[Items from a dataset]

--- START ---

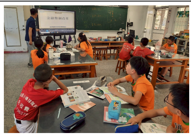
說明：總結金融幣制改革的影響。
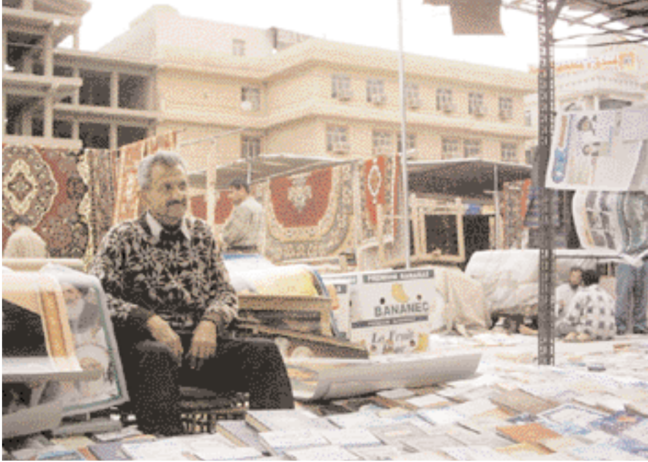
The books seller.
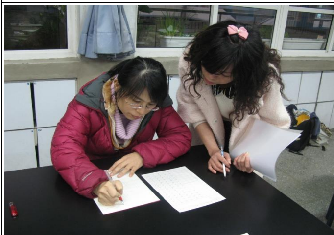
講師批改社員作業
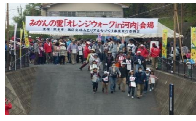
10 エリア別まちづくり事業
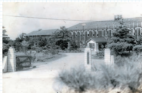
地理調査所(千葉県千葉市)
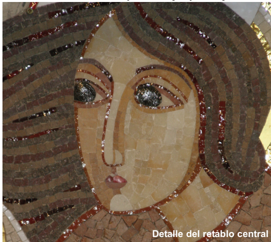
Detalle del retablo central

Renegó de la actual estética de usar y tirar: “No hay belleza a primera vista, como la de un spot publicitario, que gusta al principio, pero después de verlo cinco veces pasa a ser desechado”. Explicó que “la Belleza es la encarnación de la Verdad y del Bien. Si el Bien o la Verdad no se encarnan como Belleza, surge la dictadura del moralismo o las ideologías”.
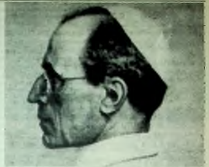
PAPEŽ PIUS XII. - (EVŽEN PACCELLI) - (1939 - 1958)

V této věci papež tedy sledoval za daných okolností svůj zdravý rozum, osvěcený křesťanskou vírou, a volil cestu spíše moudrosti než nesmyslnou cestu divadelního efektu. Za daných okolností - kterým jeho kritikové ve svém klidu „za peci“ vůbec nerozumějí - papež
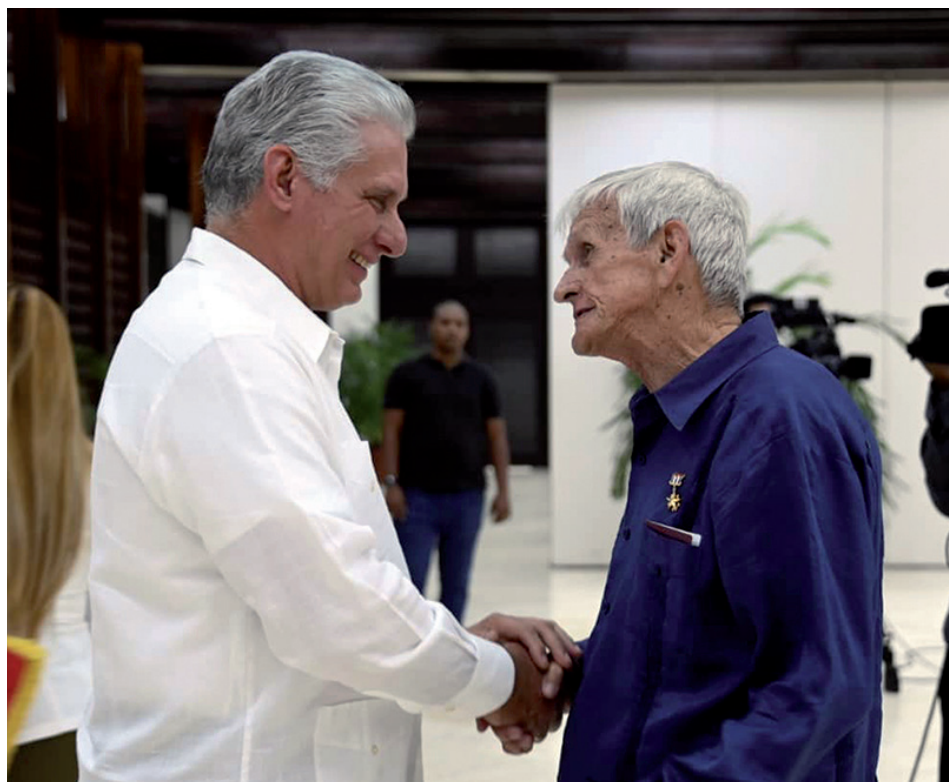
El Primer Secretario del PCC y Presidente de la República, Miguel Díaz-Canel Bermúdez, lo condecoró en el acto solemne efectuado en el Salón El Laguito, en la capital del país.

la lucha clandestina o en la Sierra, y eso me causaba una gran insatisfacción.
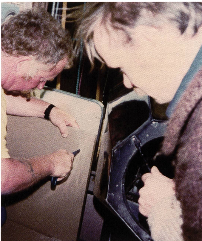
Nacharbeit am Bettgestell

Luxemburg und haben gut 20'000 km zurückgelegt. Pannen: Elektrik beim Schaltgetriebe und einige Gummischläuche, sonst nichts! 1 mal ein Pneu vorne rechts geplatzt auf der Autostrada nahe Parma. Das war aber mein Fehler, ich habe etwas zu tief nachgerillt!»
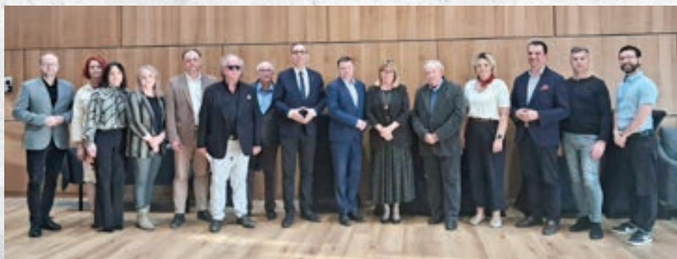
Uczestnicy zebrania w dniu 17 kwietnia 2026 roku, podczas którego reaktywowano Towarzystwo Miłośników Ziemi Skalmierzyckiej

Ochrona dziedzictwa kulturowego regionu skalmierzyckiego przybrała w ostatnim czasie na sile. Przed kilkoma miesiącami władzom gminy udało się pozyskać środki na rewitalizację zabytkowego dworca kolejowego w Nowych Skalmierzycach, a w maju bieżącego roku swoje podwoje otwiera Izba Pamięci Ziemi Skalmierzyckiej. Kolejnym sukcesem na tym polu jest reaktywacja Towarzystwa Miłośników Ziemi Skalmierzyckiej, która miała miejsce 17 kwietnia br.
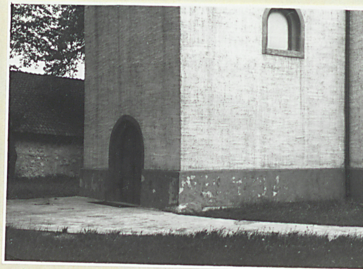
Dolna część wieży
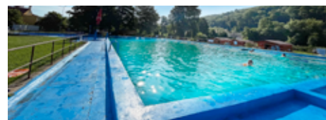
Bazénová vana se dočká opravy.
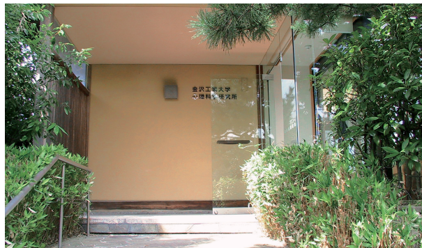
▲心理科学研究所のエントランス。リラックスした雰囲気の中、研究が行われている。

多くの場合は、実践活動を伴う研究です。すなわち、各種心理学的なワークショップや、研修を実施しながら、参加者のウェルビーイングの増進を図りながら、研究を行っています。PERMAモデルにもとづく心理検査を開発し、これらを活用しながら、実証的に効果を検証しています。
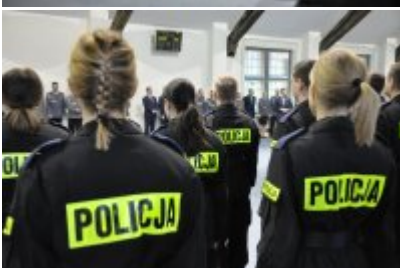
Ślubowanie policjantów 04.01.2018 #46
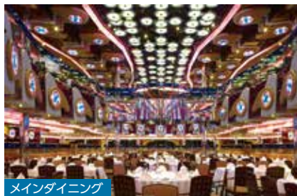
メインダイニング

渡り鳥がコンセプトの美しい装飾やオブジェが印象的。メニューはイタリア料理が中心です
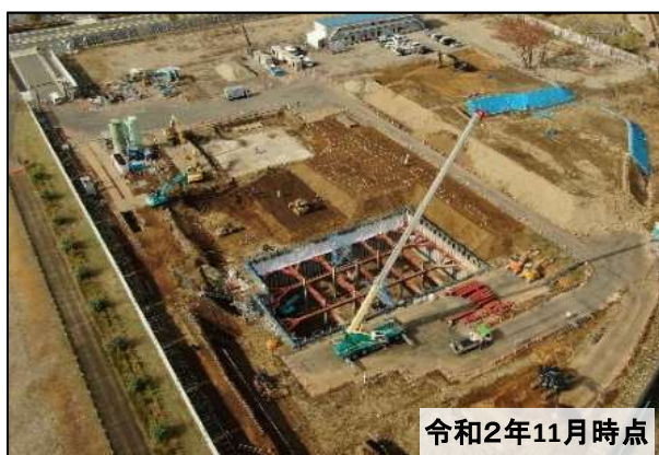
全景写真(敷地南東より)
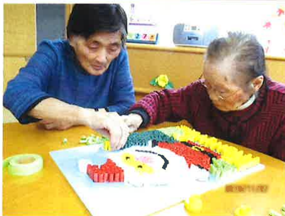
デイサービスセンターろっかえん 営業日 年中無休 営業時間8時30分～16時00分(18時00分まで延長可能) お問い合わせ先 TEL 0136-22-0808

クリスマスに向けた創作活動を行っています。 皆さん完成を楽しみにしており、着々と作業が進んで います。麓華苑にお越しの際は是非、ご覧になっ てください。
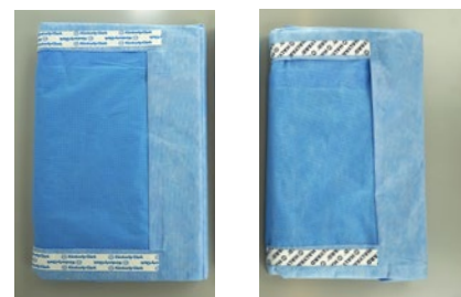
Film antiadhésif sur les champs : passage du logo K-C au logo Halyard

Pour toute question, rendez-vous sur la page : www.halyardhealth.fr/changecommunications .
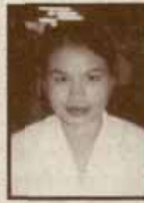
ซานยาต ซานยาต คหาว-นิลแดง บริษัท แสง

"สมัครเรียนคณะบริหารธุรกิจ สาขาการตลาด เข้ามาที่นี่ รู้สึกว่า เป็นมหาวิทยาลัยที่กว้างใหญ่ บรรยากาศอบอุ่น เหตุผลที่เลือก เรียนที่นี่ก็เพราะเราทำงาน ประหยัด ค่าใช้จ่าย เปรียบเทียบกับไม่มีเวลาเรียน สังคมยอมรับคุณภาพของรามคำแหง คนทุกคนชื่นชมสามารถเรียนได้ ทั้งที่ทำงาน เราไม่เสียเวลาเรียน ว่าจะเรียนจบภายใน 3 ปีค่ะ"
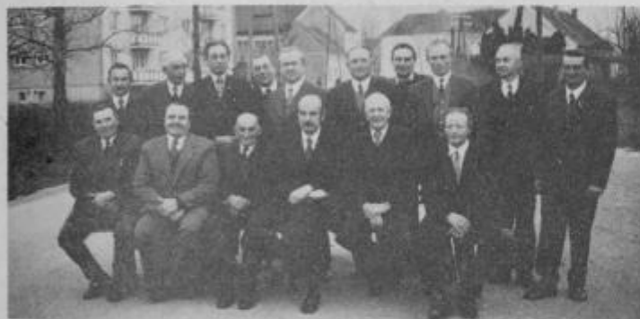
Slika v spomin na člane sveta KS Gorišnica.

povezavi z vsemi lokalnimi in tudi občinskimi činitelj storil vse, kar bo v njegovih močeh, da bo Gorišnica še dalje napredovala, da bo mladina rada ostajala v domačem kraju. Doma sei bo rezala pošteno zaslužen in dober kruh in da se bo tudi udeleževala na področjih dela, ki jih najbolj veseli s ciljem, da bi prizadevanja vsega prebivalstva v KS Gorišnica na vseh področjih dela rodila skupen uspeh. V nevarnih časih pa naj se pokaže, da so vsi prebivalci v KS Gorišnici kot en mož, ki se zaveda lepote in bogastve svoje domovine in da je ta zavest tudi zadoljuje, da bodo obvarovali njeno lepoto in bogastvo pred vsemi nevarnostmi. To je tudi naloga in dolžnost vsakega Slovenca in Jugoslovana, je pa tudi čast, ki jo pozna in priznava danes šimi svet jugoslovanskim narodom glede na
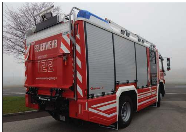
Fahrgestell: Mercedes 1429 A F Abnahme: 10.12.2015 bei der Fa. Rosenbauer
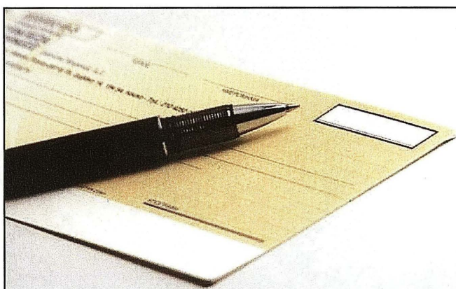
Figura 1 – Cheque Especial

A utilização está sujeita ao pagamento de juros proporcionais ao valor utilizado durante o mês. Os encargos como juros e IOF, são calculados diariamente e cobrados mensalmente. As condições de utilização, taxas, prazo, valor, garantias, vencimento antecipado, multas, renovação automática, são estabelecidas em contrato assinado entre o cliente e o banco. O banco poderá mudar unilateralmente essas condições, mediante aviso ao cliente. A utilização racional do cheque especial deve restringir-se a necessidades eventuais e de curtíssimo prazo, como pode ser visto na tabela acima.
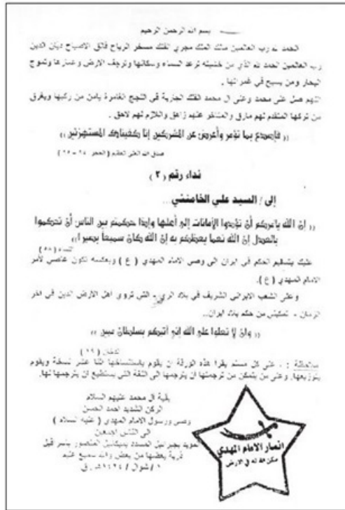
↑ تصوير نامه تحويل حكومت به مقام معظم رهبری
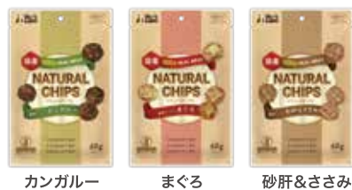
カンガルー まぐろ 砂肝&ささみ
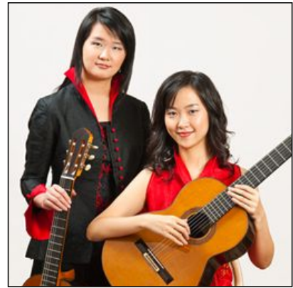
Beijing Guitar Duo

Los días 15 y 16, en el Tampere Hall, tendrá lugar el Tampere Guitar Show, en el que participarán luthiers de todas partes del mundo, y donde también se podrán encontrar partituras, CDs y toda clase de accesorios
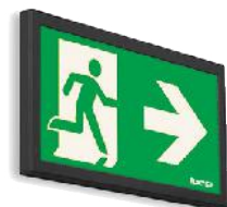
E E1S BLACK LED Chaudes ou Blanches
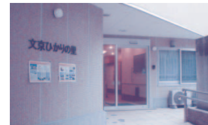
グループホーム「文京ひかりの里」

日本共産党は、都から施設改善の指導を受けている大塚みどりの郷の改修を急ぐ必要があるため、みどりの郷隣地の所有地を活用し、増床も行うよう区に提案、区の決断が求められます。
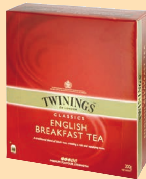
The Twinings Filtri cod. 2960 Classic English Breakfast Tea conf. 100 bustine

--- END ---

**Exercise directions:** Reproduce only the lines from the line with "Beijing Guitar Duo" to the end of the entries. Keep both ends, copy them exactly, and omit every picture.

**Task output:**
Beijing Guitar Duo

Los días 15 y 16, en el Tampere Hall, tendrá lugar el Tampere Guitar Show, en el que participarán luthiers de todas partes del mundo, y donde también se podrán encontrar partituras, CDs y toda clase de accesorios
E E1S BLACK LED Chaudes ou Blanches
グループホーム「文京ひかりの里」

日本共産党は、都から施設改善の指導を受けている大塚みどりの郷の改修を急ぐ必要があるため、みどりの郷隣地の所有地を活用し、増床も行うよう区に提案、区の決断が求められます。
The Twinings Filtri cod. 2960 Classic English Breakfast Tea conf. 100 bustine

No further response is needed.